自然というは もとより しからしむるという 言葉なり

法語の出典:「末燈鈔」『真宗聖典』602頁

本文著者:山田恵文(三重教区安正寺住職)


今から二千年以上前、中国に生まれた『荘子』という書物があります。『老子』と並び、「人為(人間のはからい)」を離れた「無為自然」の生き方を説く書物として有名です。

私は学生時代にこの書物に出会いました。そして、私たち人間は、いつも優劣や美醜や善悪、あるいは「役に立つのか、立たないのか」「損なのか、得なのか」などといったように、相対的に物事を価値づけし判断して生きているということ、そのことが物事の本質を見失わせてしまうということを学びました。そして、そのような自分を中心にした価値判断を離れて、どんな物事も受け入れて人生を楽しみ、あるがままに生きることが理想的な生き方であるということを知りました。自分の狭いものの見方が破られたようで、心が晴れた思いを持ったことです。

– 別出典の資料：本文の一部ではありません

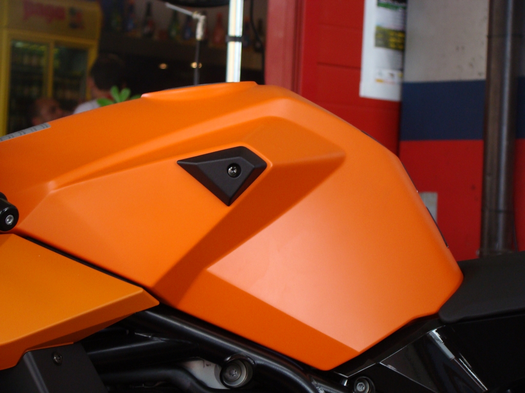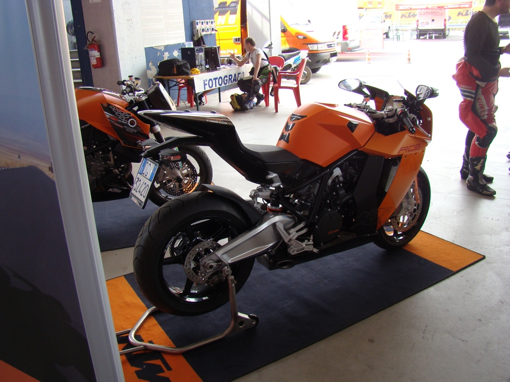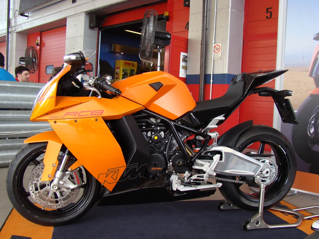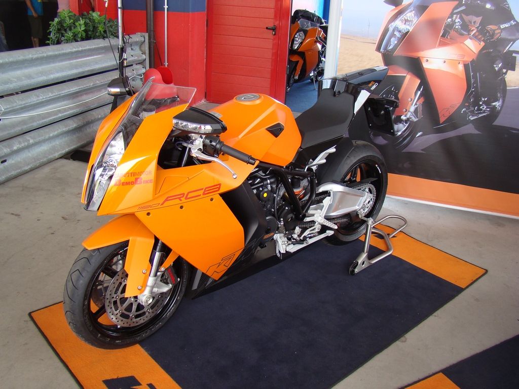 Tagli netti, e design davvero accattivante. Non son ammesse vie di mezzo. O l'amore o l'odio per la supersportiva austriaca. Dal vivo è impossibile non esserne catturati. Dev'essere una sorta di magnetismo che ti porta a concentrarti su ogni suo più piccolo particolare. Figlia dell'era moderna e di un coraggioso designer sembra non affascinare come un'opera di Tamburini, ma di certa non stanca al secondo sguardo. Il codino lascia davvero a bocca aperta. Rastremato verso l'alto, come a sfuggire, con un faro a led incastonato e la sensazione della sua snellezza, accentuata dallo scarico che non c'è nelle immediate vicinanze. La vista laterale è ricca di tanti particolari, come le pedane regolabili, le carene liscie, il forcellone che sembra un'opera d'arte, cerchi marchesini, impianto brembo; insomma ogni sguardo da sensazione di soddisfacimento. Il telaio a traliccio ingabbia il bicilindrico e sopra il serbatoio dalla forma inusuale. Il cupolino pare un pò troppo grosso, anche a causa della sua forma sviluppata in altezza e larghezza, ma in ogni caso romane inconfondibile, con le due bocche, che corrono accanto al faro, che portano più aria che possono all'affamato bicilindrico. Colori disponibili Arancio e Nero, Bianco e Nero.
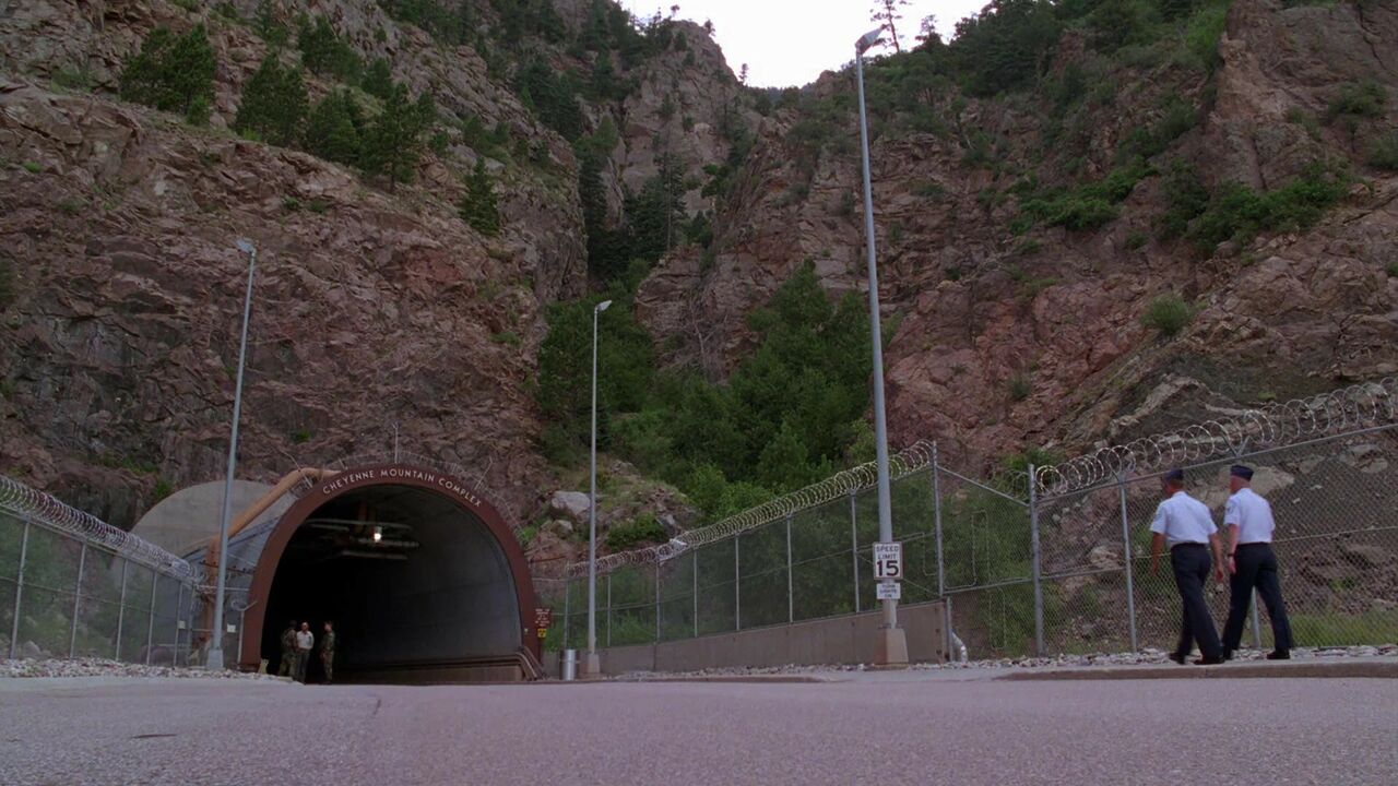 La base de Cheyenne Mountain a été construite en pleine guerre froide, durant les années 60, pour servir d'abri antiatomique. Les niveaux les plus bas, tenus secrets, ont même recueilli des plates-formes de lancement de missiles. Le complexe de 28 niveaux a été creusé sous la montagne. Il descend à plus de 600 mètres sous terre. Il est protégé par des portes blindées anti-souffle de 25 tonnes. La base est censée résister à une attaque nucléaire de cinq mégatonnes en cas d'explosion dans un rayon de cinq kilomètres. Son équipement électronique doit supporter les impulsions électromagnétiques produites par de telles attaques. Le complexe est également conçu pour devenir une base de confinement en cas de danger biologique, chimique ou en cas d'invasion intérieure provoquée par l'utilisation de la porte des étoiles au niveau 28.

しかし、道理としてはそのように理解できたとしても、そのような境地に立って生きることは容易ではありません。むしろ日々の生活の中で、あれかこれかと振り回されて生きているのが実情です。親鸞聖人はそのような私たちの姿を「煩悩具足のわれら」と言いあてられ、八十五歳の時に書かれた『一念多念文意』では、命終わるその時まで、私たちは煩悩から離れることができないと言い切られました。とうてい、自分の力では「自然」なる生き方はできないのです。そこに聖人の人間を見る確かな眼を思います。

ところで、親鸞聖人が書かれた書物の中にも、話された言葉の中にも「自然」はたくさん登場します。聖人は「自然」という言葉を大切にされているのです。では、そのように人間の真実を捉える聖人の「自然」は、どのような意味を持つのでしょうか。

冒頭のことばは、聖人が八十六歳の時に、弟子の顕智に対して、「自然」という言葉の意味についてお話しになられた法語の一文です。

この文にある「もとより」とは、「そもそも」とか「本質的に」という意味ですから、「言うまでもなく」というニュアンスが込められているように思います。「しからしむる」とは、「そのようにさせる」という意味です。よって、「自然」とは、言うまでもなく私たち凡夫に対する「阿弥陀仏のはたらき」のことであると、聖人は述べていることになります。

私たちは自力では決してさとりに至ることはできない。そのような私たちを悲しんで、阿弥陀仏の願いは起こされています。その願いを受け止め、その願いをよりどころにして生きることによって、初めて「自然」なる生き方が開かれてくると言えるのでしょう。つまり、凡夫に実現する「自然」の生き方とは、阿弥陀仏の願いに託すことによってしかあり得ないということを教えてくださっているのです。自分を超えたはたらきに我が身を託すことによって、凡夫の我が身が、凡夫の身のままに生涯を尽くして生ききることができる、そのような生き方が、念仏者には恵まれるのだということを、聖人は語っておられるのだと思います。

「もとより」と言われるところに、親鸞聖人の強い思いが感じられます。


東本願寺出版発行『今日のことば』(2018年版【12月】)より

『今日のことば』は真宗教団連合発行の『法語カレンダー』のことばを身近に感じていただくため、毎年東本願寺出版から発行される随想集です。本文中の役職等は『今日のことば』(2018年版)発行時のまま掲載しています。